We left with only a couple of suitcases and traveled with our neighbor, Dr Clement in his car to one of his clients in Svetla nad Sazavou. We stayed there until father was demobilized from the Czech army.

Then we went to grandma's home in Ceske Budejovice. I continued at a local school, and became friendly with the Freund family whose father was a pediatrician in Budejovice and a long time friend of my parents. They all went to the concentration camp in Terezienstadt and from there they were deported to the death camp of Auschwitz, where they were murdered, except for their youngest son, Honza, my best friend, who miraculously survived the hell and is now living with his family in Canada. 

In Budejovice I continued at the primary school. My mother, returning in 1938 from a short trip to Linz in Austria to visit my father's sister, Ida Kafka, urged our whole family to immediately leave Czechoslovakia to any foreign country ready to accept us, because she fully believed that the Nazis would carry out their threat to exterminate the Jews of Europe. 

None really believed her, except for my aunt's family in Linz who managed to escape to the USA and my father who wrote to all of his acquaintances in the USA, Great Britain and Scandinavia requesting a visa to emigrate. Finally a friend of him in Norway, Dr. Jorgen Berner, who was at that time the chairman of the Norwegian Medical Association, sent us and nine other young Jewish doctors a visa to Norway.


NORWAY



We immediately packed our belongings and set out for the supposedly short journey by train and ship to Norway. The winter of 1939-40 was extremely cold and upon our arrival at the Baltic Sea harbor of Sassnitz in northern Germany we discovered that the sea was frozen and that the ferries to Sweden could not sail.

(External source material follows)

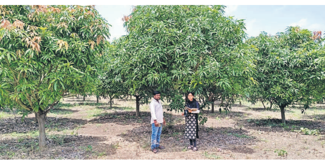
సంగారెడ్డి జిల్లా న్యాలకల్ లో మామిడి తోటలను సందర్శించి రైతులకు అవగాహన కల్పిస్తున్న ఉద్యాన వన శాఖాధికారి

చలికాలంలో మామిడి తోటల పెంపకంపై ప్రత్యేక శ్రద్ధ పెట్టాలి. చలి తీవ్రత పెరిగి కొద్ది మామిడి పంటను జాగ్రత్తగా కాపాడుకోవాలి. ఎప్పుడెప్పుడు యాజమాన్య పద్ధతులు పాటించాలి. దీంతో అధిక దిగుడులు సాధించొచ్చని ఉద్యాన అధికారులు, నిపుణులు సూచిస్తున్నారు. మామిడి సాగు రైతులు పూతకు ముందు సరైన జాగ్రత్తలు తీసుకోకపోవడంతో పూత ఆలస్యంగా వస్తుంటుంది. కొమ్మలు కత్తిరించడం, దున్నడం చేయకుండా మామిడి తోటలకు విశ్రాంతి ఇవ్వాలి. దీంతో పూత త్వరగా వచ్చే అవకాశం ఉంటుంది. కానీ చాలా మంది రైతులు పూతకు ముందు కొమ్మల కత్తిరింపు, దున్నడం వంటివి చేస్తుంటారు. ఇలా చేస్తే పూత ఆలస్యమయ్యే అవకాశం ఉంటుంది. ముఖ్యంగా పూత, పిండి, కాయలు కానీ సమయంలో తెగుళ్లు, చీడపీడల నివారణ చర్యలు చేపడతే మంచిదని సంబంధిత అధికారులు చెబుతున్నారు.

We had to look for some accommodation in Sassnitz and my mother, without any hesitation, boarded the German cruise ship Deutschland which was anchored (it was frozen in) for the winter in the harbor. With an excellent German dialect she convinced the shadow crew to accommodate us in one of the luxury cabins, where we stayed free of charge until some days later, when the Swedish icebreaker Queen Victoria managed to get through to Sassnitz and we continued our journey to Trelleborg in Sweden. 



We arrived in Oslo in the beginning of 1940. My sister and I were accommodated in a children's orphanage, managed by a humanitarian organization. We did not know the language, the food was unfamiliar and the temporary separation from our parents did not ease our predicament.

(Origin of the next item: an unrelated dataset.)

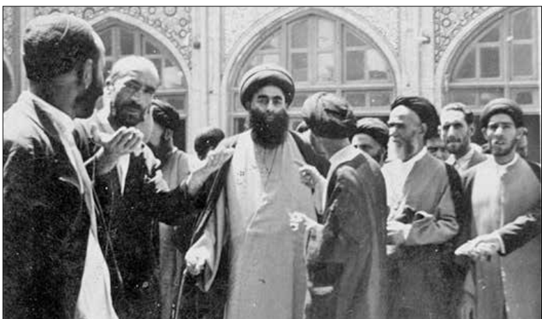
بعد از یکی از جلسات سخنرانی در تهران
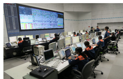
<消防司令センター>

After several weeks, my father was offered a position as an assistant doctor at the lung hospital in Talvik, Altafjord, in the northern district of Finnmark. After sailing one week along the coast of Norway, we arrived in the small village of Talvik (in the county of Finnmark), which would become our home during the difficult years of German occupation. We lived in Norway until the winter of 1944. 


My sister Hanna and I were attending primary school in Talvik, which at that time had a population of 200 people, mostly farmers and fishermen. I remember my first days at school, with pupils who were older than me and a head taller. People in Talvik lived a secluded life. They did not follow the news on Nazism and the War in Europe and certainly did not have any idea about the persecution of Jews. We were one of two Jewish families in Finnmark. (There was an Austrian dentist there as well.) 

One of my schoolmates, Helge, teased me during one of the breaks at school and called me Hitler! Helge was one year older and much stronger than I, but I attacked him on an ice pick on the seashore hitting him severely, until our schoolteacher, Andreas Bredal Pettersen rescued both of us in a row boat. Never was I called Hitler again! Helge, the son of the local police chief and his brother, Tore, became my best friends until this very day.

One day Helge approached me and offered me a cigarette. He decided to start smoking on his 12th birthday. I joined him of course, almost suffocating. The next day he told me that he had stopped smoking, because he felt he was grown up enough. I never smoked a cigarette again!

At one of my birthday parties which we celebrated in our small flat in the farm that was attached to the hospital we invited some of my best friends. Suddenly a severe storm broke out and because the ground was icy, my friends were blown away and found later in a ditch several hundred meters away. The winters were very cold, with temperatures dropping to minus 40 degrees C and were often buried in 2-3 meters of snow. We had to walk along ropes, stretched from house to house in order not to get lost in the snow storms.

The people in Talvik were very friendly and accepted us among them. We learned the language and participated in all the games, fishing, hiking, plucking berries in the mountains and skiing in the winter. We often went to the mountain cabins during hunting seasons and after a short time we felt at home. The different climate of long and cold winters, with no sun, did not bother us, but were difficult for our mother, who became depressed during the dark months.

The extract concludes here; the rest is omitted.